Discriminating and Clustering Ordered Permutations Using Artificial Neural Networks: A Potential Application in ANN-Guided Genetic Algorithms

Traveling salesman, linear ordering, quadratic assignment, and flow shop scheduling are typical examples of permutation-based combinatorial optimization problems with real-life applications. These problems naturally represent solutions as an ordered permutation of objects. However, as the number of objects increases, finding optimal permutations is extremely difficult when using exact optimization methods. In those circumstances, approximate algorithms such as metaheuristics are a plausible way of finding acceptable solutions within a reasonable computational time. In this paper, we present a technique for clustering and discriminating ordered permutations with potential applications in developing neural network-guided metaheuristics to solve this class of problems. In this endeavor, we developed two different techniques to convert ordered permutations to binary-vectors and considered Adaptive Resonate Theory (ART) neural networks for clustering the resulting binary vectors.
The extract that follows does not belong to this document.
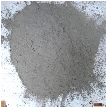
Fig. 2: Cement

The samples of the cement shall be taken according to the requirements of IS 3535:1986 and the relevant standard specification for the type of cement being tested. The representative sample of the cement selected as above shall be thoroughly mixed before testing.

The proposed binary conversion techniques and two neural networks (ART-1 and Improved ART-1) are examined under various performance indicators. Numerical examples show that one of the binary conversion methods provides better results than the other, and Improved ART-1 is superior to ART-1. Additionally, we apply the proposed clustering and discriminating technique to develop a neural-network-guided Genetic Algorithm (GA) to solve a flow-shop scheduling problem. The investigation shows that the neural network-guided GA outperforms pure GA.

Automated summary

This paper presents a technique for converting ordered permutations to binary vectors, and applies it to clustering and discriminating the permutations. The study shows that the Improved ART-1 neural network performs better than ART-1, and a neural network-guided Genetic Algorithm outperforms a pure Genetic Algorithm.